Rather than simply relaunching Beauty Counter, Greg chose to start fresh with a new brand called Counter, preserving the original double-meaning of going 'counter' to industry norms. The new company uses affiliate sales partners who earn commissions on their own sales but cannot build teams, sells primarily through e-commerce and social platforms like TikTok and Instagram, and plans to reopen a physical store on Nantucket. Greg's core mission remains advocating for a meaningful regulatory standard for 'clean beauty,' which she argues is currently an unregulated and largely meaningless marketing term.
Key Insights
- Greg argues that the dot-com bust forced her to sell The Wedding List to Martha Stewart prematurely — a cautionary tale about growth-at-all-costs strategies funded by venture capital that leave founders dangerously over-extended when markets turn.

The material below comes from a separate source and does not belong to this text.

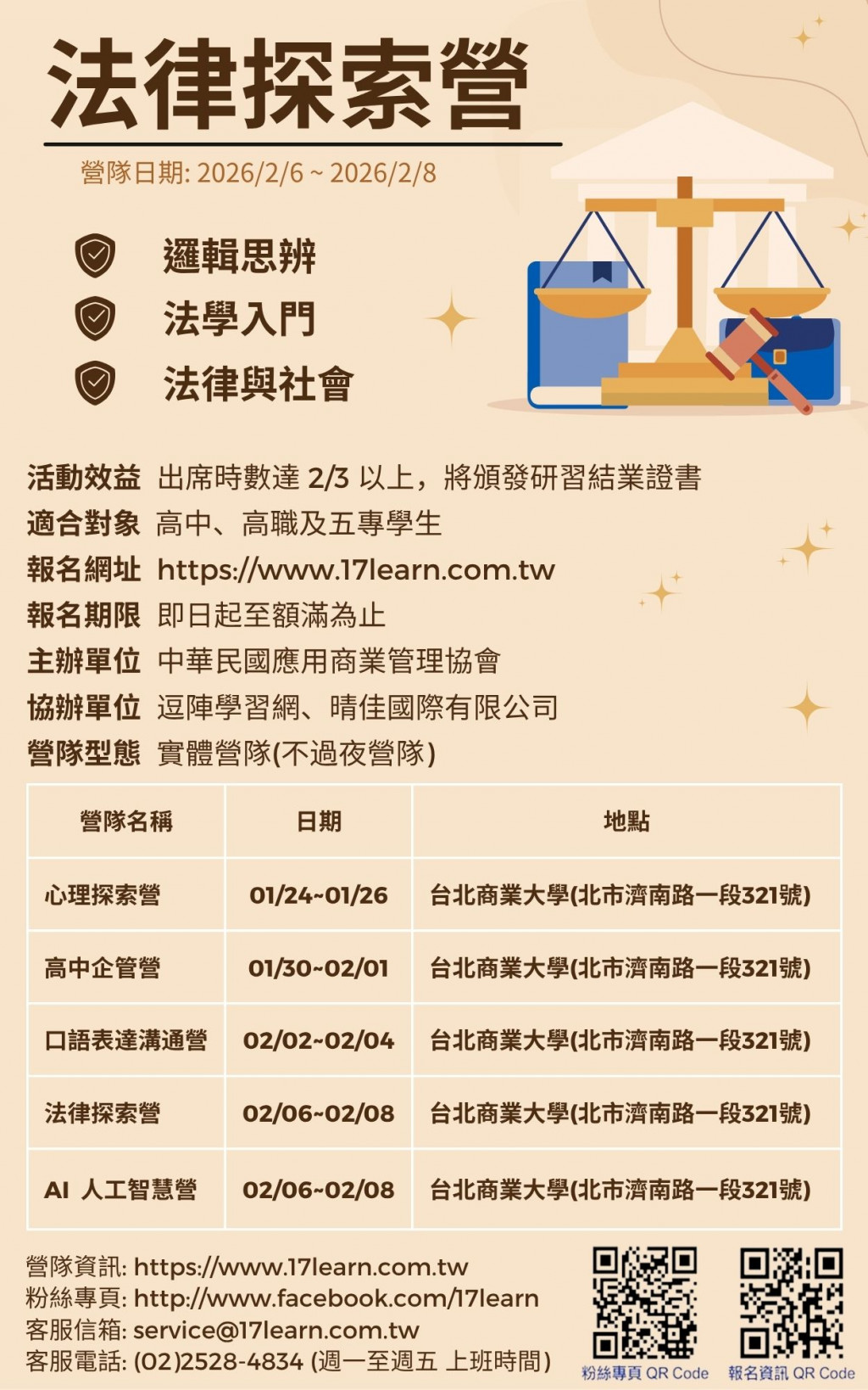 社團法人中華民國應用商業管理協會~法律探索營-2026冬令營報名開始
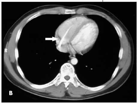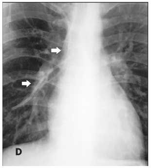 Figures B, C, and D are from a 17-year-old boy with Ewing sarcoma of the left hemipelvis. Fluoroscopy was used to confirm catheter placement, and blood return and ease of flushing the catheter were verified. During a routine clinic visit 18 months later, the patient complained of a cough and “feeling funny.” A chest radiograph was read as normal. A CT scan of the chest, obtained for routine evaluation of possible metastasis, was also interpreted as normal. However, embedded in the radiologist’s report was the comment, “A unipolar transvenous pacemaker has been placed with its tip in the right ventricular apex.” What the radiologist noticed was actually a fractured piece of CVC tubing (Figure B, arrow). Careful inspection of the patient’s earlier “normal” chest radiograph showed the fractured piece of tubing within the right atrium and ventricle (Figure C, arrow). A second chest radiograph showed the tubing fragment lodged in the right pulmonary artery extending into the right lung (Figure D, arrows). No POS was seen in a review of the patient’s radiographic records.

- Greg claims that working for Martha Stewart taught her that a fear-based leadership culture, while producing excellence, was not the kind of leader she wanted to become — and that Martha's perfectionism came at the cost of accountability.
- Greg contends that being fired from Best & Company via a messenger delivering papers in front of her team — rather than a direct conversation — was a defining humiliation that she attributes in part to her own arrogance in how she handled the founder-CEO dynamic with Susie Hilfiger.
- Greg argues that choosing a direct sales model for Beauty Counter was strategically powerful not because it was fashionable — it wasn't — but because trusted peer-to-peer recommendations were far more cost-effective for customer acquisition than traditional advertising.
- Greg distinguishes her direct sales model from predatory MLMs by emphasizing that Beauty Counter never encouraged large product purchases, flagged orders over $1,000, and routed all transactions through its own e-commerce platform to maintain brand control.
- Greg claims that the term 'clean beauty' has become essentially meaningless in the market, because it is an unregulated label anyone can apply — and that her core ongoing mission with Counter is to fight for an enforceable industry standard that gives the term real meaning.
- Greg argues that Carlyle's decision to remove her as CEO just months after their $600 million investment was driven by discomfort with a post-pandemic plateau in growth, even though she believed the slowdown was a temporary, externally-driven disruption that would resolve itself.
- Greg states that the replacement CEO Carlyle hired did not value her institutional knowledge and chose to run things entirely his own way — and that watching poor decisions being made from the sidelines while still having financial skin in the game was among the hardest experiences of her career.
- Greg claims that Bank of America, one of Beauty Counter's lead lenders, proactively approached her lawyers to offer her the chance to repurchase the brand's assets out of foreclosure — framing it as an act of belief in her and the movement she had created.
- Greg argues that market timing is as important as hard work in entrepreneurial success — citing The Wedding List as a company that was slightly too early for e-commerce adoption, and Beauty Counter as a company that timed the clean beauty movement almost perfectly.
- Greg contends that when Carlyle stopped funding Beauty Counter just six weeks after she returned as CEO in early 2024, she had no plan for what to do — and that buying the assets back in 48 hours was driven more by belief in the mission and encouragement from her family than by a calculated business strategy.
- Greg argues that the reason she relaunched as 'Counter' rather than continuing under the Beauty Counter name was not just a desire for a fresh start, but a recognition that the market had fundamentally changed since 2013 and that the old company's model could not simply be revived.